**THE PROBLEM**
In the material below, begin at the line that has "羊肉泡馍,亦称牛羊肉泡馍。古", stop after the line that has "6 dividers decorated", and transcribe those lines exactly, without pictures.

*** Opening LISTED ENTRIES ***

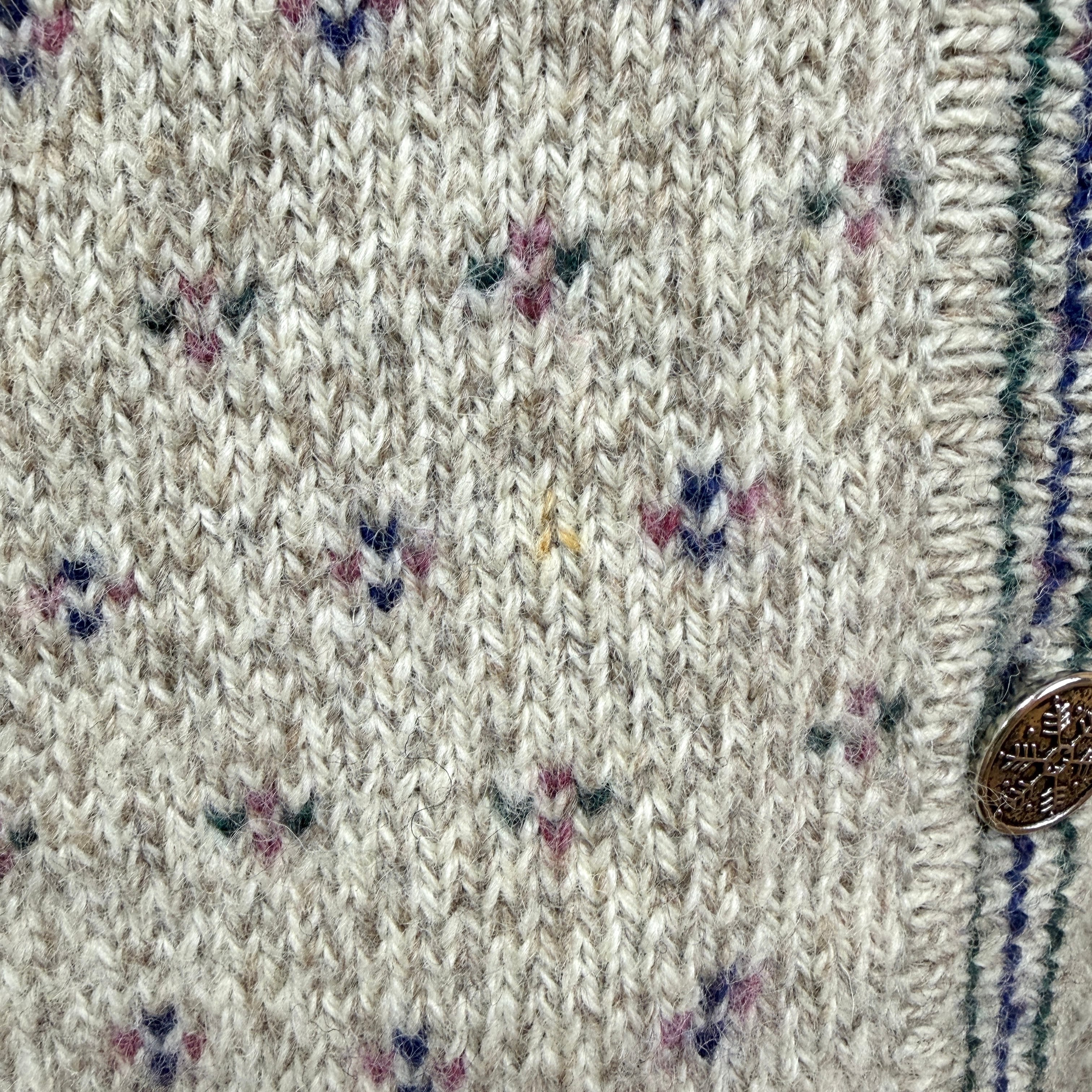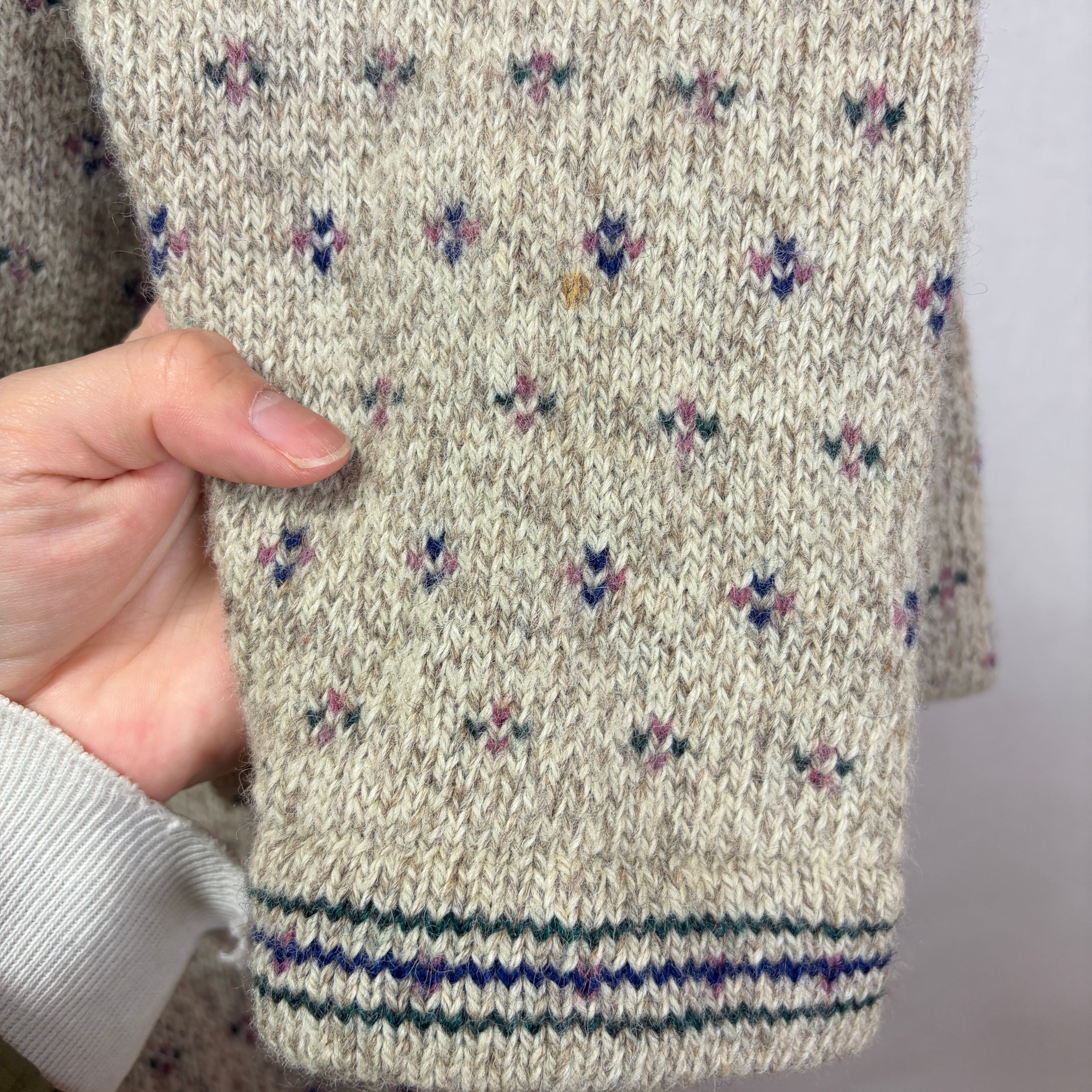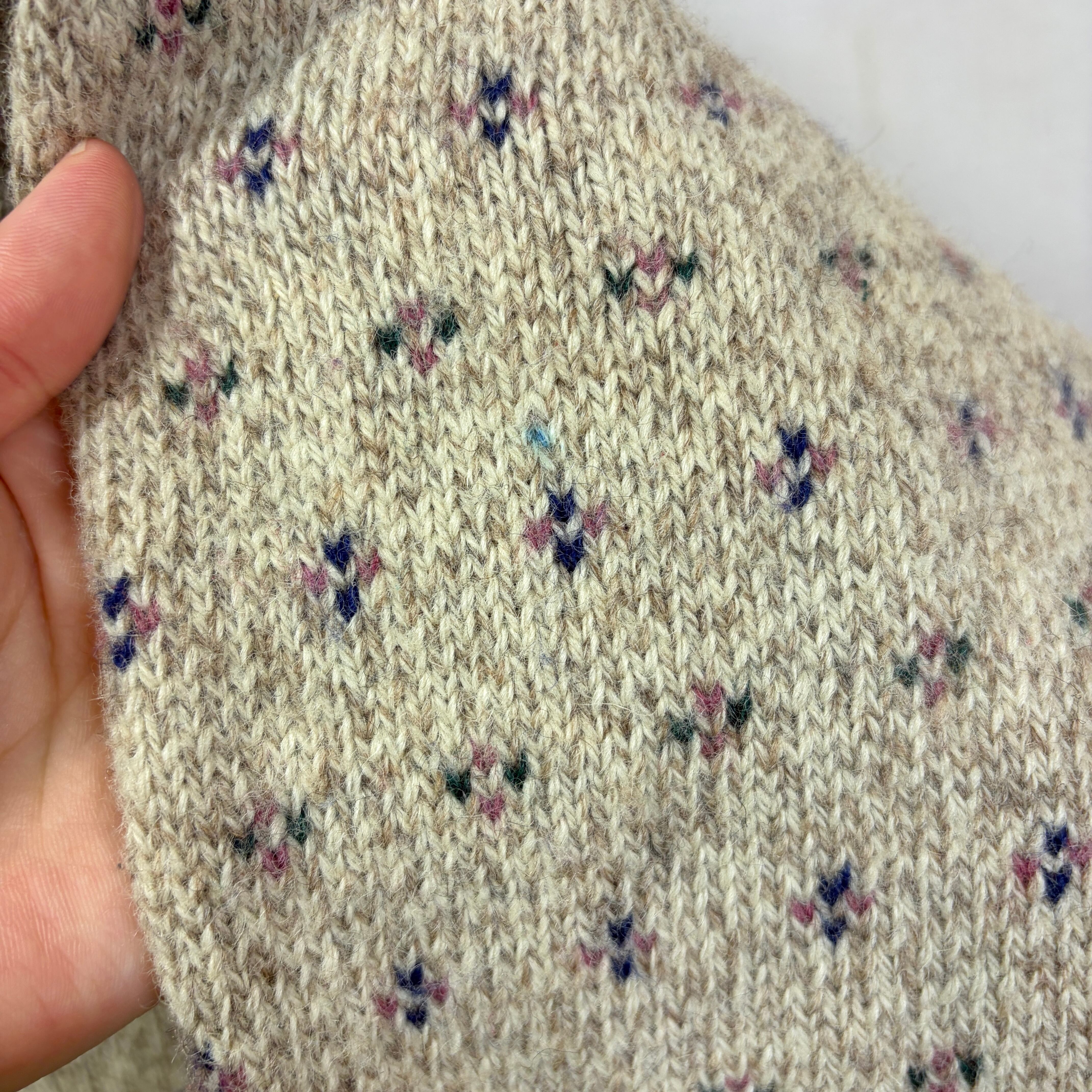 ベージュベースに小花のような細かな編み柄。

*** Closing LISTED ENTRIES ***
*** Opening LISTED ENTRIES ***

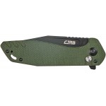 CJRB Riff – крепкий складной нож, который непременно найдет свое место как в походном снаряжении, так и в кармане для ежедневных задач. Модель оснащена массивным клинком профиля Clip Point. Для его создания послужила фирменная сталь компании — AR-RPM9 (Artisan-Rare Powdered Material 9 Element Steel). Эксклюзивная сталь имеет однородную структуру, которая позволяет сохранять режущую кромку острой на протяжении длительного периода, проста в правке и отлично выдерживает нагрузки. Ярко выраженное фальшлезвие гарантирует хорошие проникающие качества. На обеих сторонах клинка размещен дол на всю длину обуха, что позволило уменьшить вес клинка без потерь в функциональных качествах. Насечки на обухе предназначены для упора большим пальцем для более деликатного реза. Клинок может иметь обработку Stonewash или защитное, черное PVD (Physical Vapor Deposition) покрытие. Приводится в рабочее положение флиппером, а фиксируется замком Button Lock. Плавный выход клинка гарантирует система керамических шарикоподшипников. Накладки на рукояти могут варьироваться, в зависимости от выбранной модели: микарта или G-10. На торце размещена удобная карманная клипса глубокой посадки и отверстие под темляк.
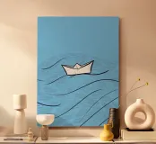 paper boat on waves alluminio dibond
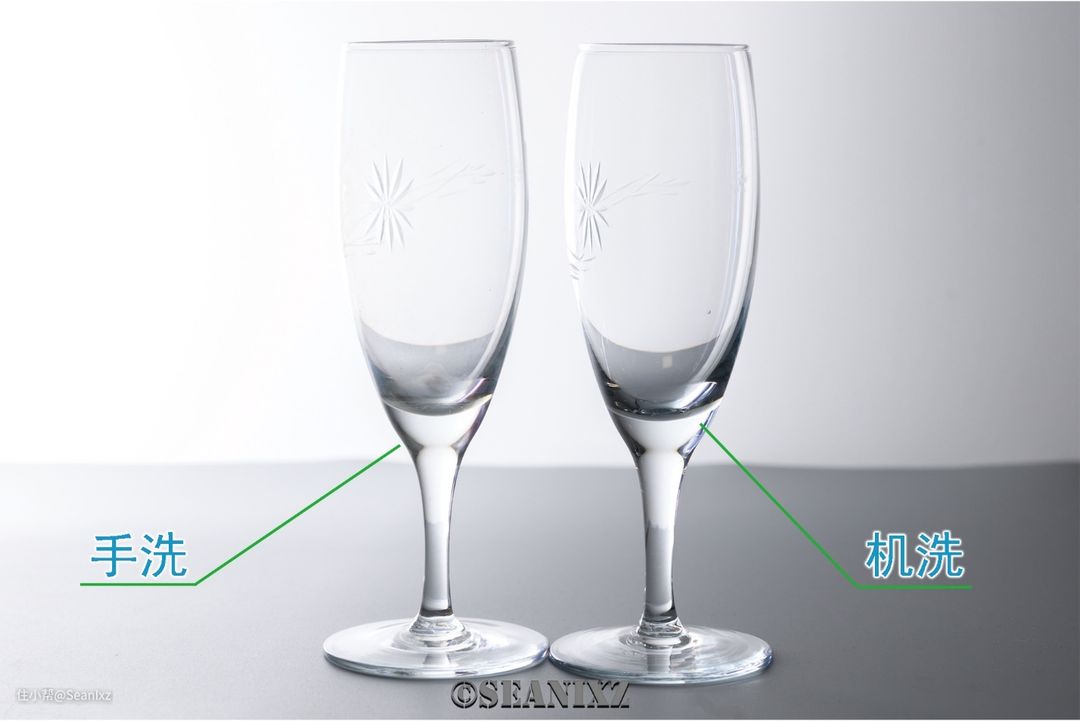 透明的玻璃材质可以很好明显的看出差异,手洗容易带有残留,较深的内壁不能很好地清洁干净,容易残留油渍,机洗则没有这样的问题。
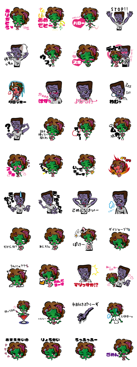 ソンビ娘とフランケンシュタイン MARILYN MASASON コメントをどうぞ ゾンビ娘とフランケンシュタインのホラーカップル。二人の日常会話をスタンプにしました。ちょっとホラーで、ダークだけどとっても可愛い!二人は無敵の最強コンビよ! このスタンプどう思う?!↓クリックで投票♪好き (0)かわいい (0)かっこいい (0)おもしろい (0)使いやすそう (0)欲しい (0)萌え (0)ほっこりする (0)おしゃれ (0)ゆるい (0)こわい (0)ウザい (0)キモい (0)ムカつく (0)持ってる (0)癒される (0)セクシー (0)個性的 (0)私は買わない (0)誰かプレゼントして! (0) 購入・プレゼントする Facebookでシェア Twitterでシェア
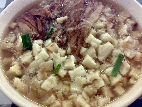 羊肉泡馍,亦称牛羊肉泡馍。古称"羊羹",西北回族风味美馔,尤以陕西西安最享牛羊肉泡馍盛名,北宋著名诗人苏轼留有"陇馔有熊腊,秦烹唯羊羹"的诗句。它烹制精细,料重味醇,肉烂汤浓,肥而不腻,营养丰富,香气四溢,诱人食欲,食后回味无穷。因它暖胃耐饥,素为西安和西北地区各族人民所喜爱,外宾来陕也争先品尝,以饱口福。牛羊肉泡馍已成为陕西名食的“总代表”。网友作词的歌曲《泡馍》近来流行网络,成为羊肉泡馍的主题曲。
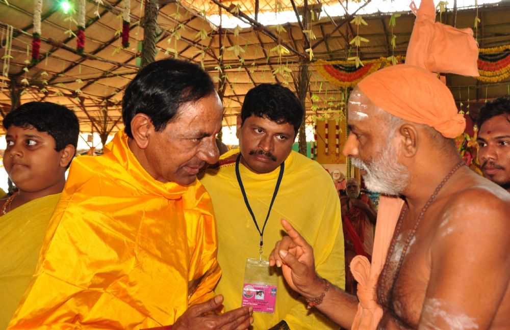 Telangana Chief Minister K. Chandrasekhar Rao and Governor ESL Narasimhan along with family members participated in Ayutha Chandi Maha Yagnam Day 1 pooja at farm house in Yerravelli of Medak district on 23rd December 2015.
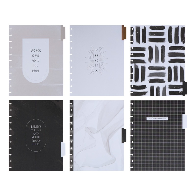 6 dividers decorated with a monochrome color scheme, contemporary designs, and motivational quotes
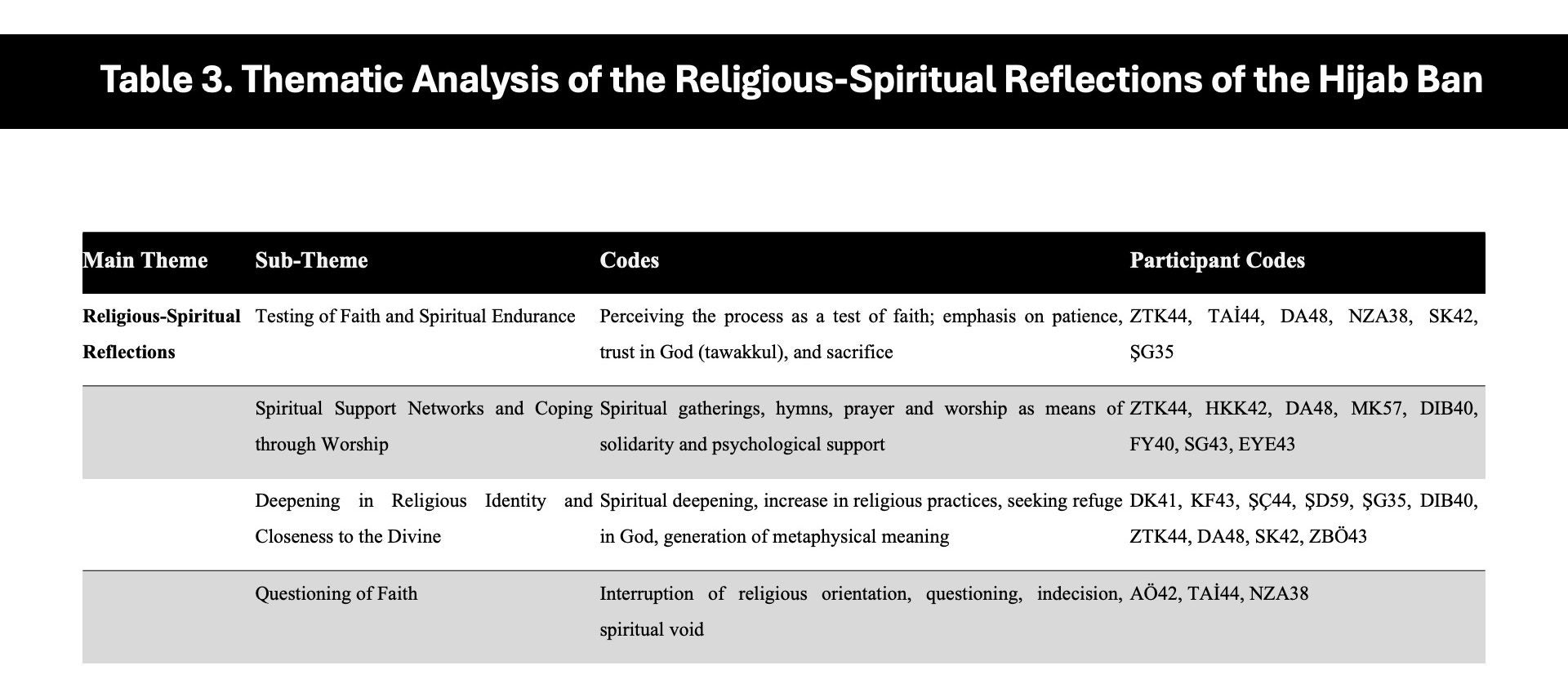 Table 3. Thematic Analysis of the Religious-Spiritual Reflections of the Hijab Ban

*** Closing LISTED ENTRIES ***
*** Opening LISTED ENTRIES ***

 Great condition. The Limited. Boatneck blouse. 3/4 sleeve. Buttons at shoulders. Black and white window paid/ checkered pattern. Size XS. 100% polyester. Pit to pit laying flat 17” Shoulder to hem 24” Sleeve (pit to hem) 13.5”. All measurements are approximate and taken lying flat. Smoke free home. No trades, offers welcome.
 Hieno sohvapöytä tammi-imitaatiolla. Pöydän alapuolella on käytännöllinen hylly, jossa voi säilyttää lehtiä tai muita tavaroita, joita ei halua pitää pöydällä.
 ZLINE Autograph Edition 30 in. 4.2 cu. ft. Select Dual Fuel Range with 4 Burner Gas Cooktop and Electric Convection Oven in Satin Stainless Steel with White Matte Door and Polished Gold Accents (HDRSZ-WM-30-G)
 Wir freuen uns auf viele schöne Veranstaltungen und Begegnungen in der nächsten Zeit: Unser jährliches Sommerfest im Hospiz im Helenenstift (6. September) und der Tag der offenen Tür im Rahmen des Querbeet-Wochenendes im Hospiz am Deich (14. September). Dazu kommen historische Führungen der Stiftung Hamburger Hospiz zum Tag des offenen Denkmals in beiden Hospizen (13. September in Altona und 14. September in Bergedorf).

*** Closing LISTED ENTRIES ***

**EXERCISE RESPONSE**
 羊肉泡馍,亦称牛羊肉泡馍。古称"羊羹",西北回族风味美馔,尤以陕西西安最享牛羊肉泡馍盛名,北宋著名诗人苏轼留有"陇馔有熊腊,秦烹唯羊羹"的诗句。它烹制精细,料重味醇,肉烂汤浓,肥而不腻,营养丰富,香气四溢,诱人食欲,食后回味无穷。因它暖胃耐饥,素为西安和西北地区各族人民所喜爱,外宾来陕也争先品尝,以饱口福。牛羊肉泡馍已成为陕西名食的“总代表”。网友作词的歌曲《泡馍》近来流行网络,成为羊肉泡馍的主题曲。
 Telangana Chief Minister K. Chandrasekhar Rao and Governor ESL Narasimhan along with family members participated in Ayutha Chandi Maha Yagnam Day 1 pooja at farm house in Yerravelli of Medak district on 23rd December 2015.
 6 dividers decorated with a monochrome color scheme, contemporary designs, and motivational quotes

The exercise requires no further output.